INTRODUCTION

Sickle cell trait (SCT) is increasingly being studied as a risk factor for diseases disproportionately affecting African Americans.1 Research into sickle cell disease (SCD) is also increasing due to poor outcomes in this understudied condition.2 Most sickle cell research uses hemoglobin electrophoresis or genetic data to identify patients. However, such information is not always collected or available in clinical care records, limiting adequate sample sizes in large databases with useful outcomes. The utility of International Classification of Diseases (ICD) codes to determine sickle cell status has not been examined in detail. We sought to determine sickle cell prevalence and the validity of sickle cell ICD codes in African American adults in a large multi-hospital healthcare system.

METHODS

We reviewed all adult African American patients with a hemoglobin electrophoresis in the patients’ data registry of Partners Healthcare, Boston Massachusetts.
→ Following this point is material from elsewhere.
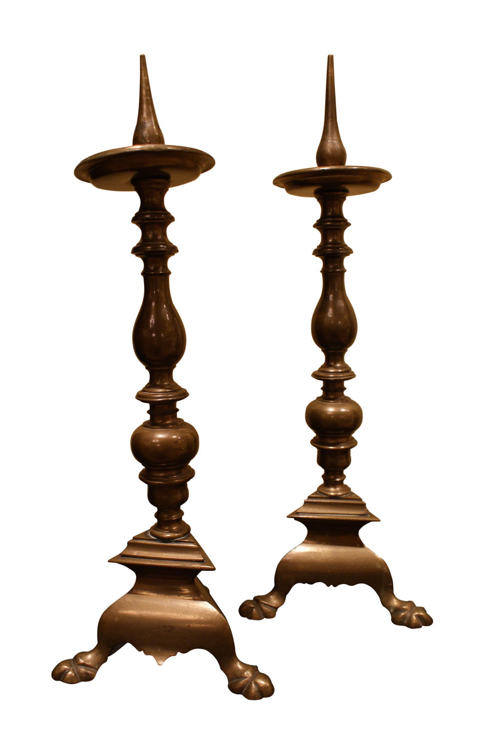 Ein Leuchter aus massivem Messing, barock um 1700, kein Paar, jedoch sehr ähnlich (der Unterschied besteht vor allem in der Länge des Dorns), guter Zustand.
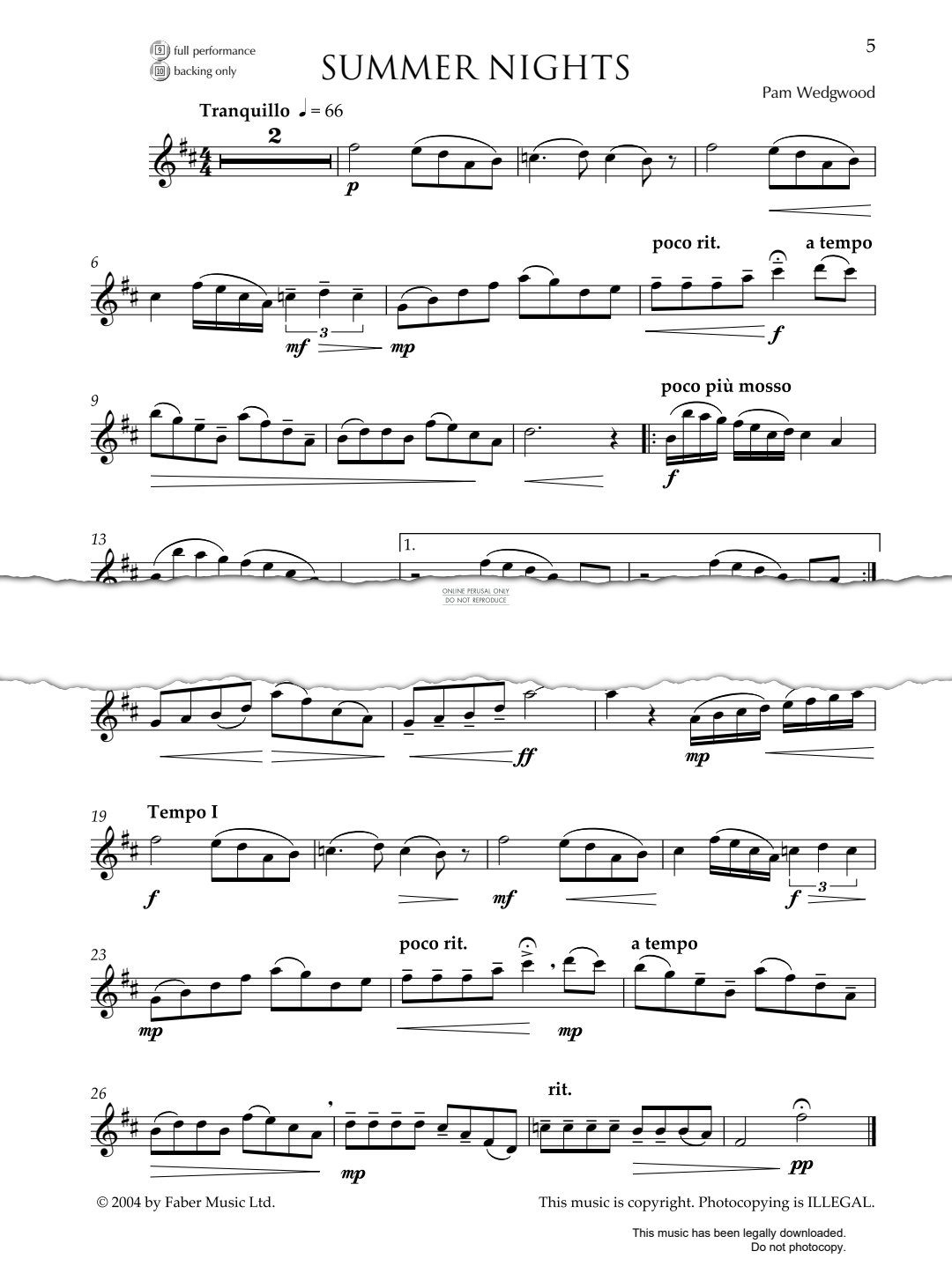 Summer Nights, written by Pam Wedgwood for alto saxophone and piano accompaniment in digital sheet music format.

Hemoglobin electrophoresis reports were used as the “gold standard” for the diagnosis of SCT and SCD. ICD codes input any time after January 1, 2005, were used as the test. All analyses were conducted using STATA 14.2 (StataCorp.).

SCT ICD codes used were 282.5 or D57.3. SCD ICD codes used were 282.4x (1, 2), 282.6x (0–4, 8, 9), 289.52, 517.3, D57.0x (0–2), D57.1, D57.20, D57.21x (1, 2, 9), D57.40, D57.41x (1, 2, 9), D57.80, and D57.81x (1, 2, 9). ICD code algorithms evaluated were (i) at least one, (ii) at least two, and (iii) at least five of the same or different codes. Anemia (average hemoglobin < 12 g/dL) and low average urine specific gravity (USG < 1.015), both of which may occur in sickle cell,3 were subsequently added. We determined SCT and SCD prevalence, and the sensitivity, specificity, positive predictive value (PPV), negative predictive value (NPV), and the area under the curve (AUC) for each algorithm. This study was approved by the Institutional Review Board at Partners Healthcare, Boston Massachusetts and the need for informed consent was waived.

RESULTS

We identified 10,877 African American patients who had undergone a hemoglobin electrophoresis (Table 1). The prevalence of SCT and SCD was 12% and 2%, respectively. Results are shown in Table 2. InSCT, using at least one ICD code had the highest AUC (0.784). Adding anemia and low USG improved the SCTAUC (0.866) but diminished the PPV. In SCD, at least two ICD codes achieved an AUC of 0.956. The addition of anemia and low USG further increased SCD AUC to 0.977 (Table 2).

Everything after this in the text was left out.